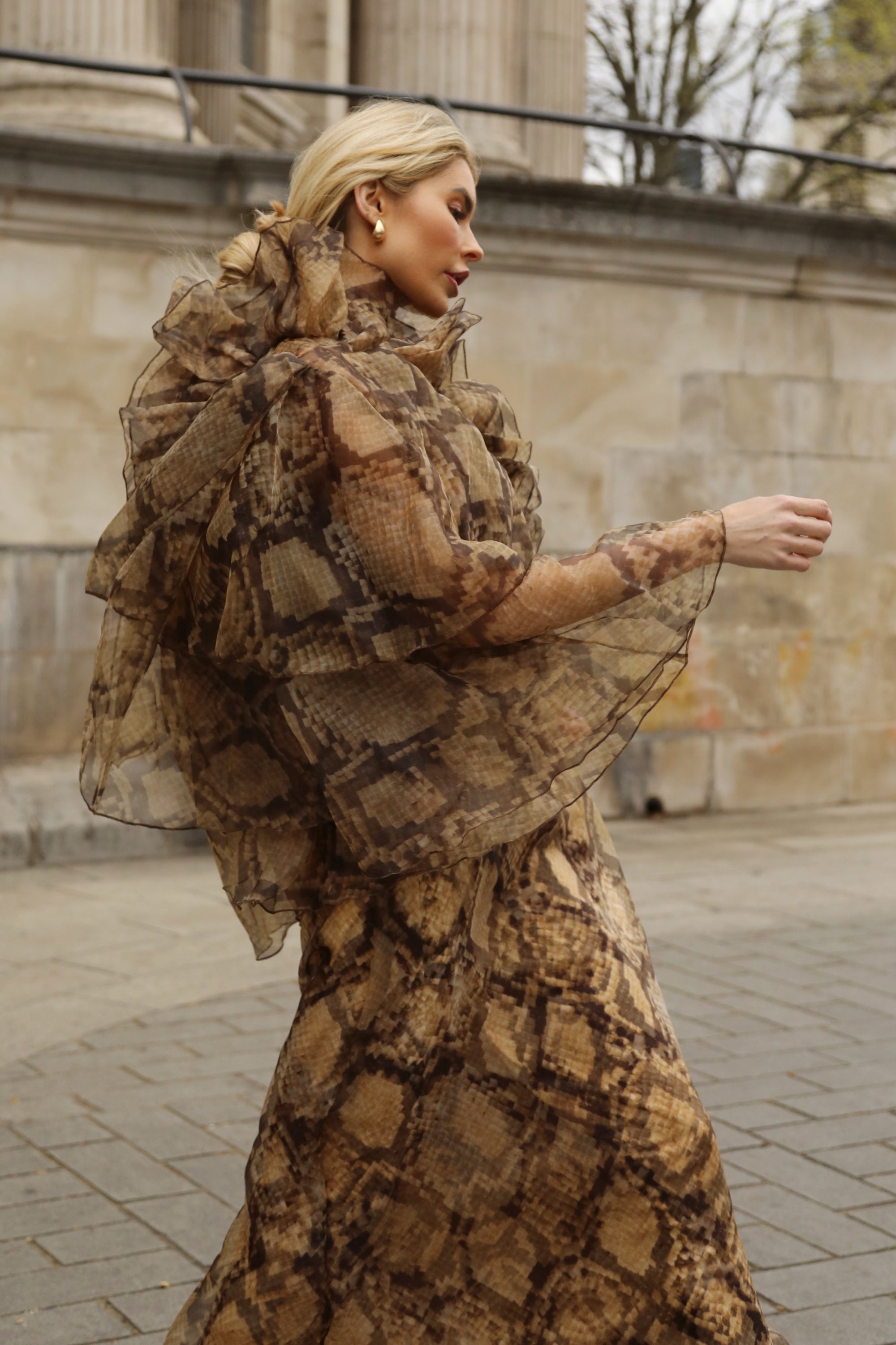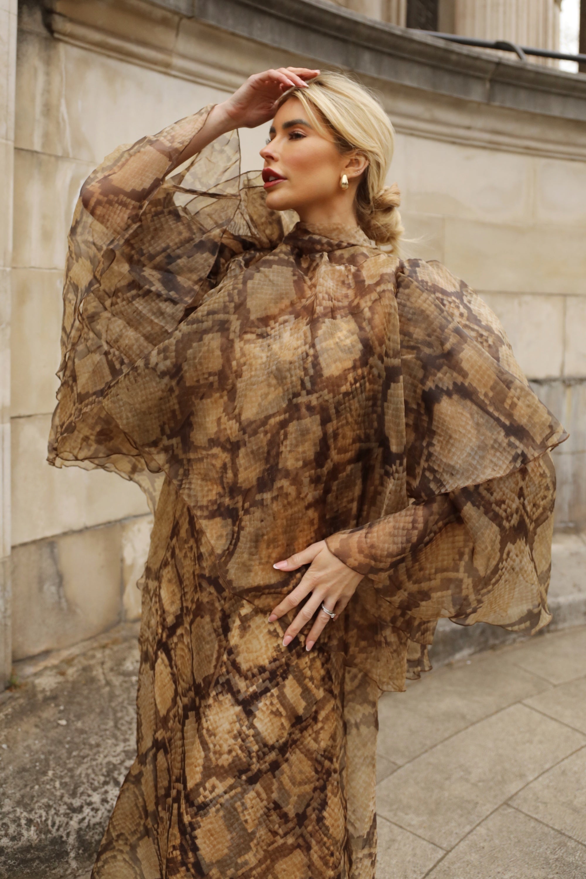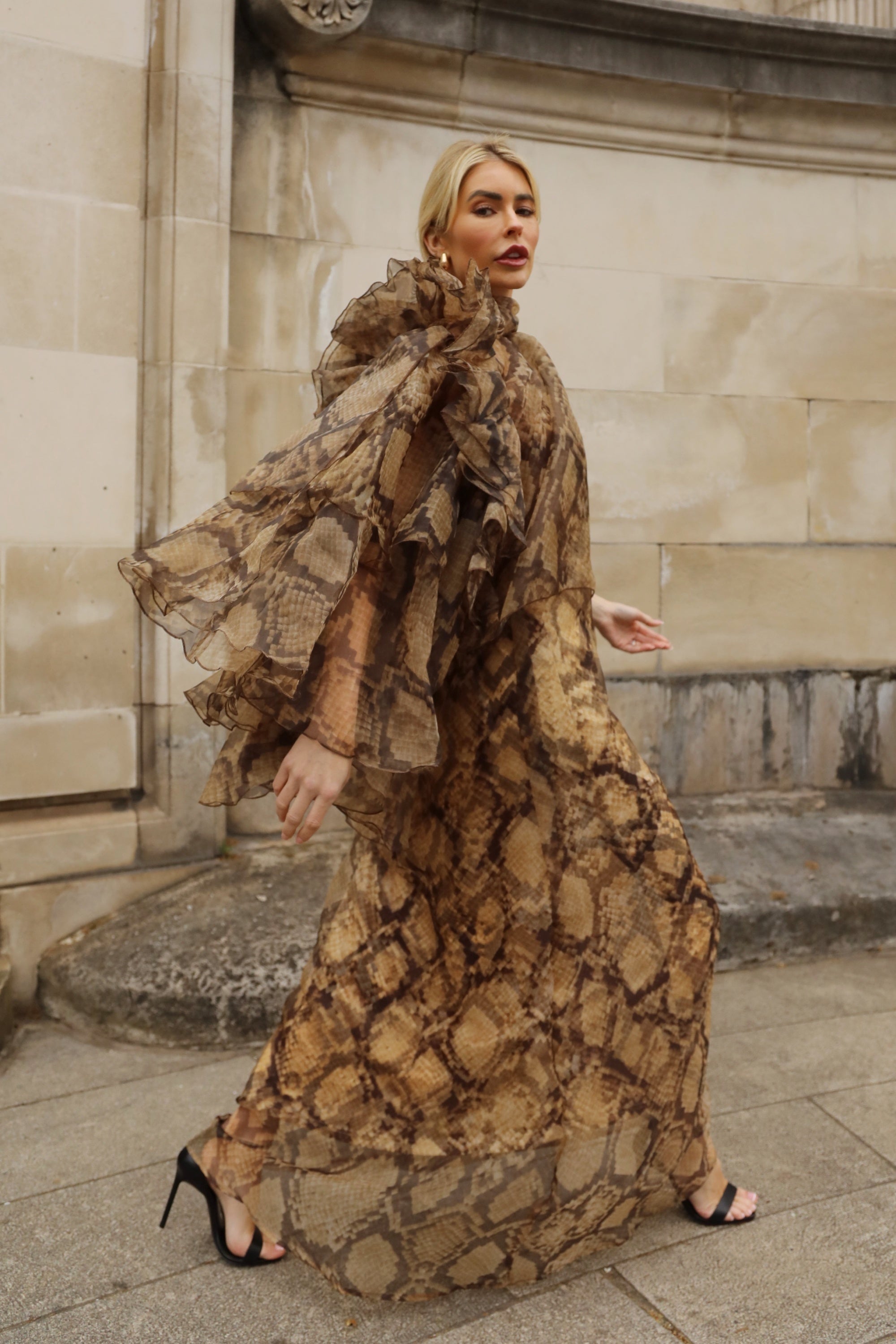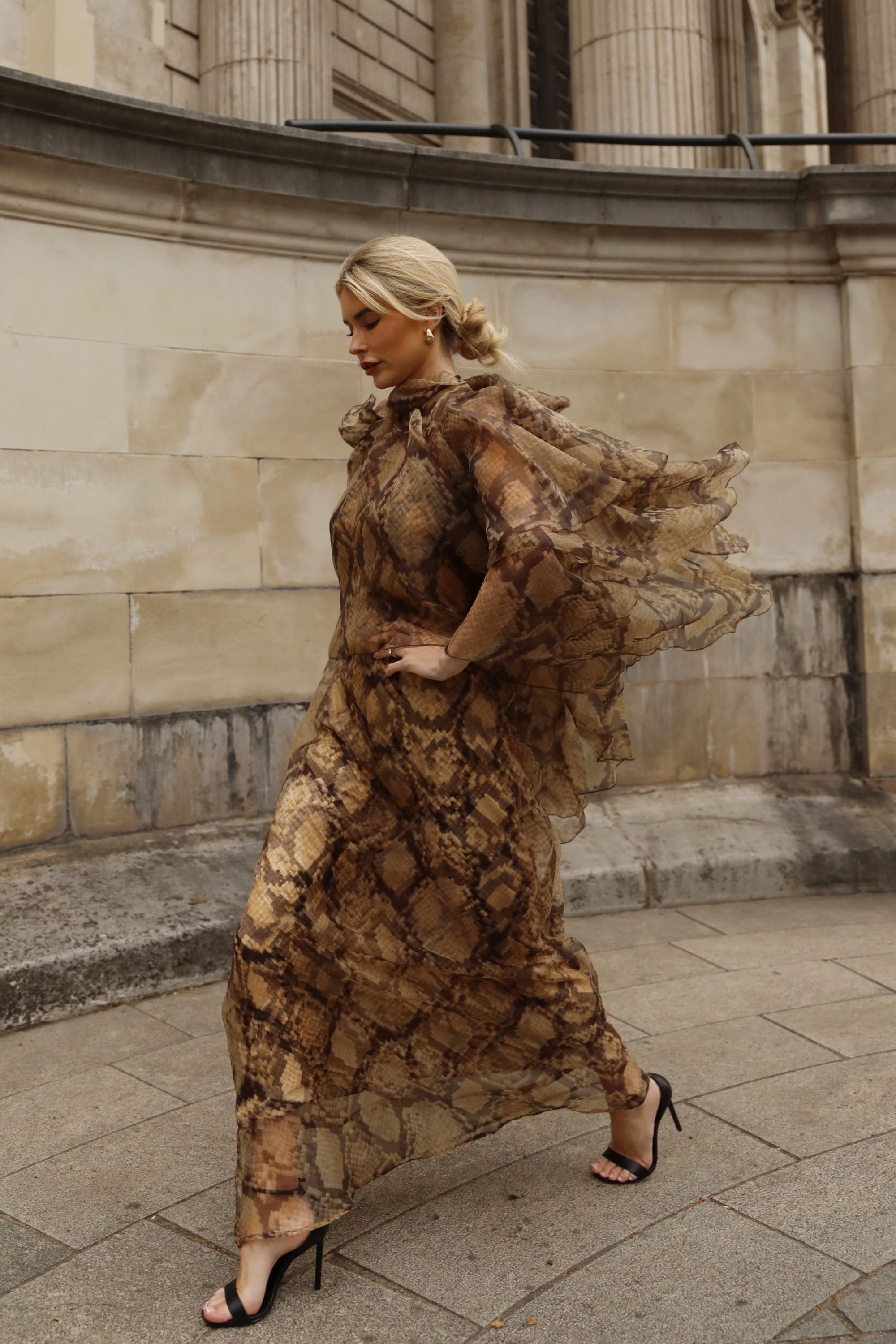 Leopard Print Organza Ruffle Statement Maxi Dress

━━━━━━━━━━━━━━━━━━━━

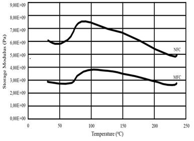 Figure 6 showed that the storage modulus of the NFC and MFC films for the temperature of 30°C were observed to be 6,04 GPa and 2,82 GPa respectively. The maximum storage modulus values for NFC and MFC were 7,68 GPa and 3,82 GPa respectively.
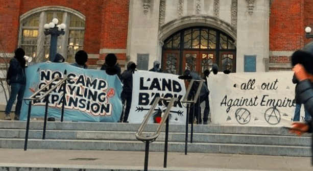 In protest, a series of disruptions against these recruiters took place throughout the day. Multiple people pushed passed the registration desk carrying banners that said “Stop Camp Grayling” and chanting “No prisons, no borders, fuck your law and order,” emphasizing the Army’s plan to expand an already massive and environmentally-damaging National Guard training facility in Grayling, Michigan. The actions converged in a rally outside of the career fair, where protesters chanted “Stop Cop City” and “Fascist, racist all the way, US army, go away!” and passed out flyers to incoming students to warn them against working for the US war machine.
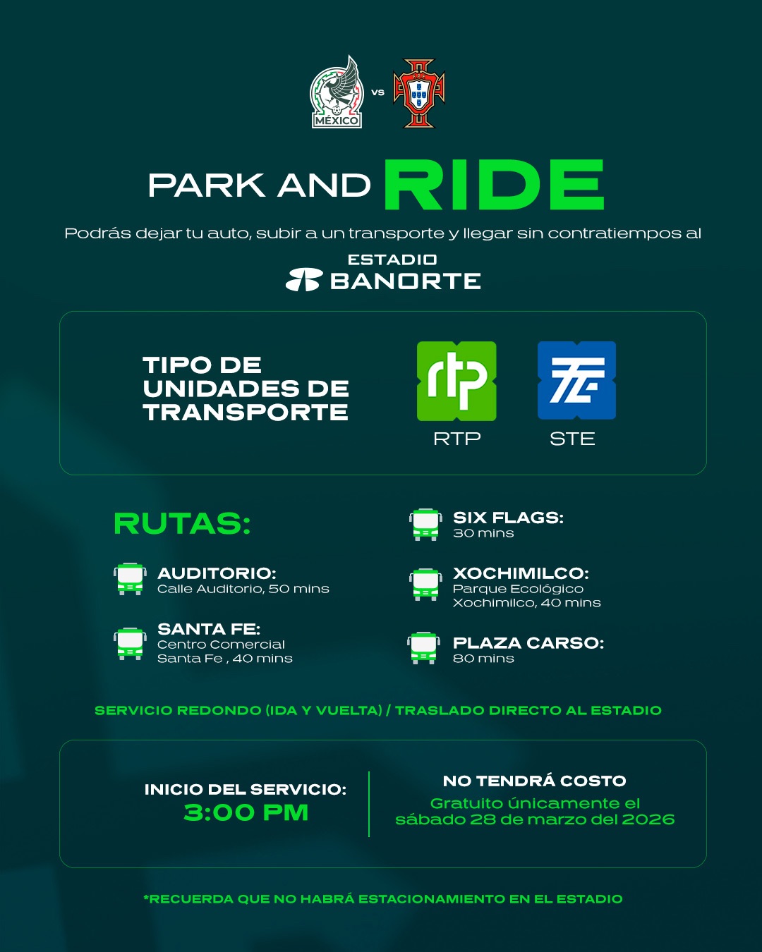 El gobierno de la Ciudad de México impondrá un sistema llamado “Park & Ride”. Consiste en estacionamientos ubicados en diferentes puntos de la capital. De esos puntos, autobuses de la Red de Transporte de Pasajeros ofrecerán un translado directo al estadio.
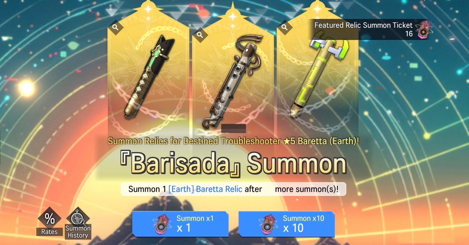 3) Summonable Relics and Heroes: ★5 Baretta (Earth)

━━━━━━━━━━━━━━━━━━━━

» **What needs to be done**
From the data above, retype only the lines starting with the line with "Figure 6 showed" and going on through the line with "In protest, a", exactly, leaving out the pictures.

» **Result of the exercise**
 Figure 6 showed that the storage modulus of the NFC and MFC films for the temperature of 30°C were observed to be 6,04 GPa and 2,82 GPa respectively. The maximum storage modulus values for NFC and MFC were 7,68 GPa and 3,82 GPa respectively.
 In protest, a series of disruptions against these recruiters took place throughout the day. Multiple people pushed passed the registration desk carrying banners that said “Stop Camp Grayling” and chanting “No prisons, no borders, fuck your law and order,” emphasizing the Army’s plan to expand an already massive and environmentally-damaging National Guard training facility in Grayling, Michigan. The actions converged in a rally outside of the career fair, where protesters chanted “Stop Cop City” and “Fascist, racist all the way, US army, go away!” and passed out flyers to incoming students to warn them against working for the US war machine.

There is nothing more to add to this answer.